[What to produce]
In the records below, some lines contain "with"; state the number of such lines and nothing else.

[Extracted data]
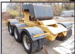
'02 EXTEC C12 AND TRANSPORT DOLLY

2005 EXTEC Model E7 Crawler Screening Plant , s/n 9757, powered by Deutz air cooled diesel engine and hydraulic drive, equipped with feed hopper with belt feeder, 5'x15' 2-deck vibratory screen, (2) 28" folding side discharge conveyors, 46" rear discharge conveyor, and 15.5" TBG pads. In good condition with good undercarriage.
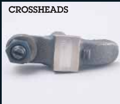
“Again, very, very light wear. These could be put right back in and used again. In an extended drain program [with petroleum oil] there’s a possibility you could see maybe half again as much wear.”

Northern tier over-the-road fleet – In an ongoing demonstration, AMSOIL Series 3000 5W-30 is being used in a fleet of Cummins N-14 engines for extended drain service with oil drains based on the findings of used oil analysis. One change was performed at one year with 125,000 miles on the AMSOIL. The oil was recommended for continued use. Normal oil drains are done at 20,000 miles.
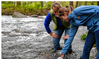
GIRL SCOUTS CAMP LA JITA UTOPIA, TEXAS
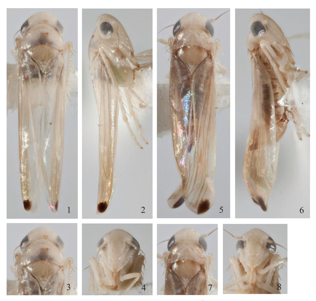
Figures 1–8. Gladkara klongensis Song & Dietrich, sp. n. Male ( \mathcal{J} ): 1 Habitus, dorsal view 2 Habitus, lateral view 3 Head and thorax, dorsal view 4 Face; Female ( \mathcal{Q} ): 5 Habitus, dorsal view 6 Habitus, lateral view 7 Head and thorax, dorsal view 8 Face.
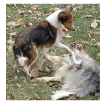
Zooey and Kyla mix it up
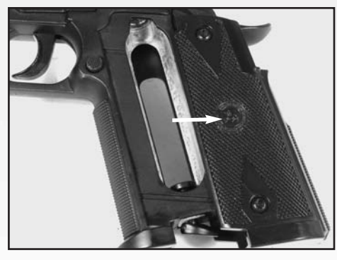
• Slide the grip backward to open the cartridge compartment.
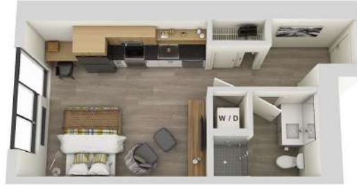
Floorplan S2 | 421 sq. ft.
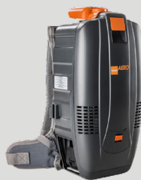
2018 TASKI AERO BP
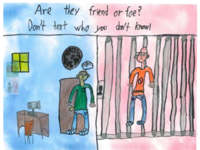
Ethan Waddick (2019) State Winner
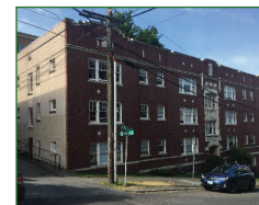
$5,800,000 Multifamily Dallas, TX Freddie Mac SBL 5 year hybrid 5 year term Cash-out refinance
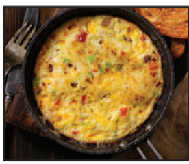
16 OZ SAUSAGE SKILLET KITS $2.99
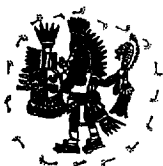
Figure in our logo is that of Huitzilopochtli, main god of the Aztecs, fol. 89R Codex Magilabechiano, mid 16 th C. Central Mexico
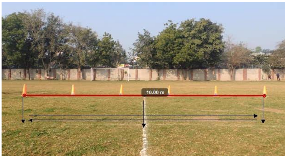
Figure- 1 Course of Zigzag Sprint and Dribbling Performances

The data was computed with mean, standard deviation and t- test. The hypothesis was tested at 0.05 level of significance.
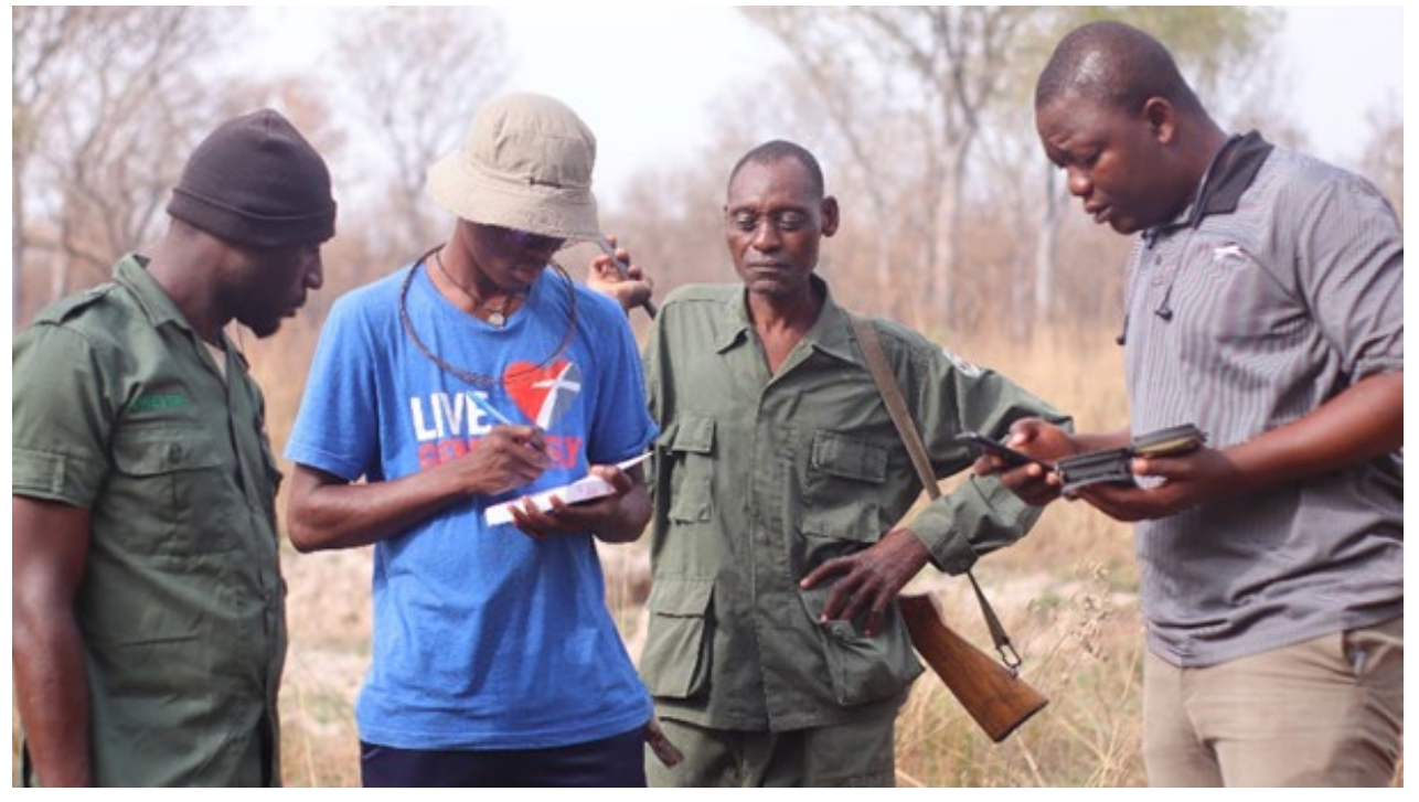
Fig 2: taking and recording the coordinates of the location where the trap would be mounted

[Response for this exercise]
4